U.S. Territories and Health Care Disparities During COVID-19

Visiting Lecturer in Law Neil Weare ’08 and Law School students Mary Charlotte Carroll ’20, and Rosa Hayes ’20 have published an article on the American Constitutional Society’s “Expert Forum” blog discussing the federal government’s discrimination against U.S. citizens who reside in U.S. territories in its provision of life-sustaining benefits.

The piece explains how denying federal Supplemental Security Income (SSI) and limiting Medicaid funding harms the territories, especially in the context of the COVID-19 crisis. It combines observations of the territories’ current health care situation with legal history to present a contemporary critique of the Insular Cases and the territorial incorporation doctrine that sanctions plenary congressional authority over the territories.

“The Supreme Court relied on explicitly racist justifications when it invented the territorial incorporation doctrine in the Insular Cases,” said Hayes. “Despite this history, federal courts continue to invoke and rely on the doctrine to limit the availability of fundamental constitutional rights to U.S. citizens who reside in territories.” 

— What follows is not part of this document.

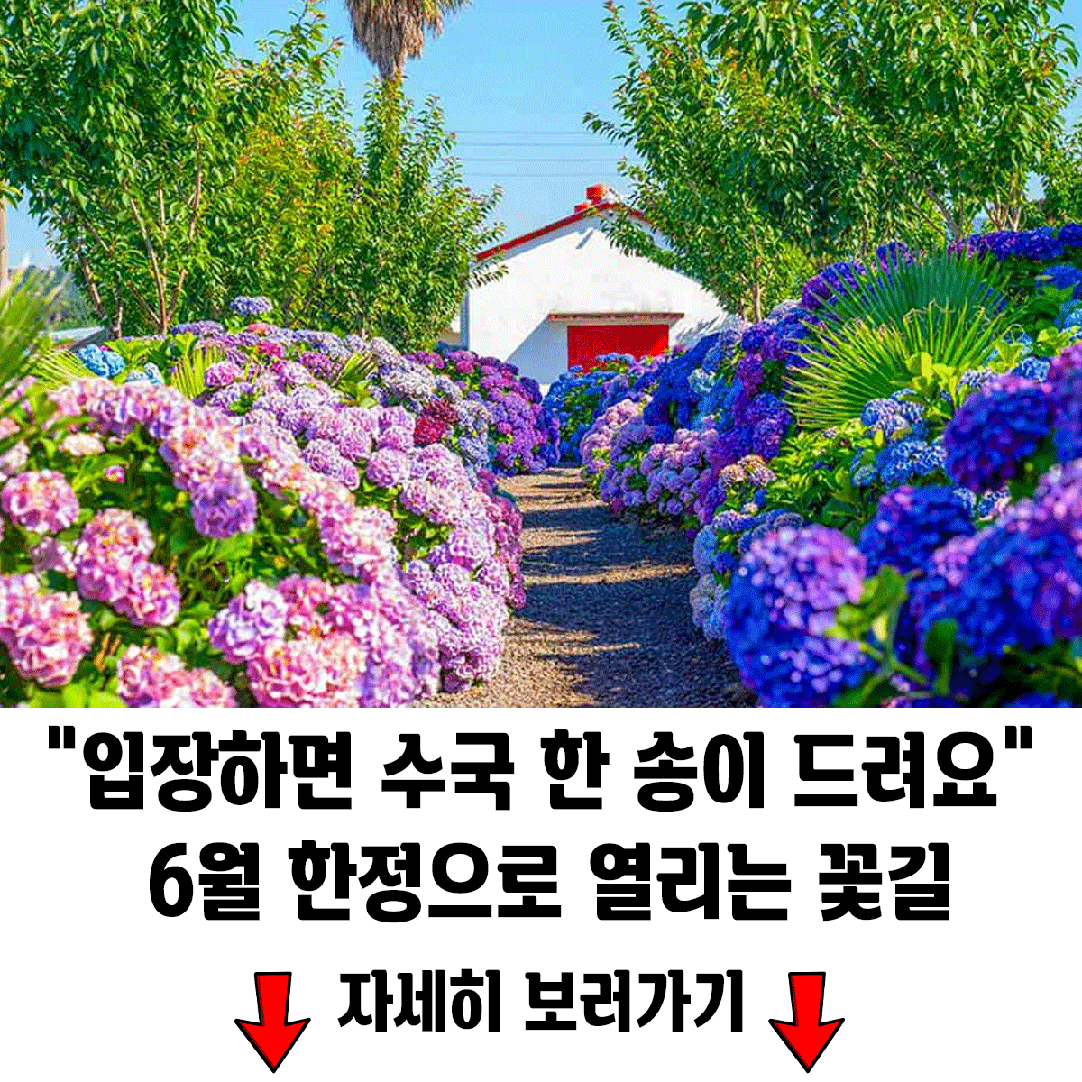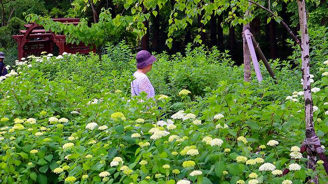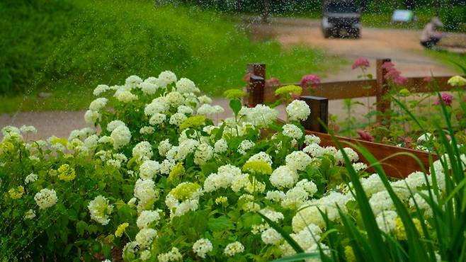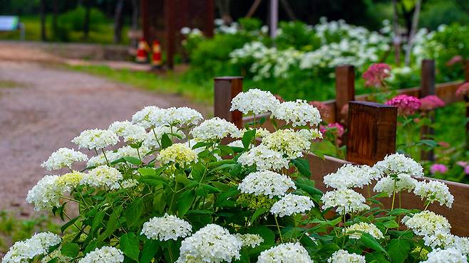 특히 ‘수국원’이라 불리는 테마 정원에서는 푸른빛, 연보라, 분홍빛의 수국이 한데 어우러져 형형색색 장관을 연출한다.

The issues are timely in light of a recent First Circuit decision that held SSI discrimination against a resident of Puerto Rico unconstitutional. Additionally, a pending Supreme Court case, Financial Oversight and Management Board for Puerto Rico v. Aurelius Investment, LLC, concerns the constitutionality of federal oversight over Puerto Rico’s debt crisis and has implications for Puerto Rico’s ability to govern itself democratically going forward.

“The U.S. government discriminates against its own citizens living in the territories on every level, from federal benefits to voting rights,” said Carroll. “The COVID-19 pandemic illustrates why treating residents of U.S. territories differently — and worse — than citizens on the mainland is unacceptable.”

Weare is the president and founder of Equally American, a nonprofit focused on achieving equal rights for Americans living in U.S. territories, and has been a visiting lecturer at the Law School for the spring 2020 semester. Carroll and Hayes are students in Weare’s class, Law of Territories. As part of their final project for the class, the two traveled to the U.S. Virgin Islands to interview health care providers and government officials about the state of Medicaid and SSI policy in the territory, and to conduct outreach to affected citizens. The Oscar M. Ruebhausen Fund at Yale Law School supported their research.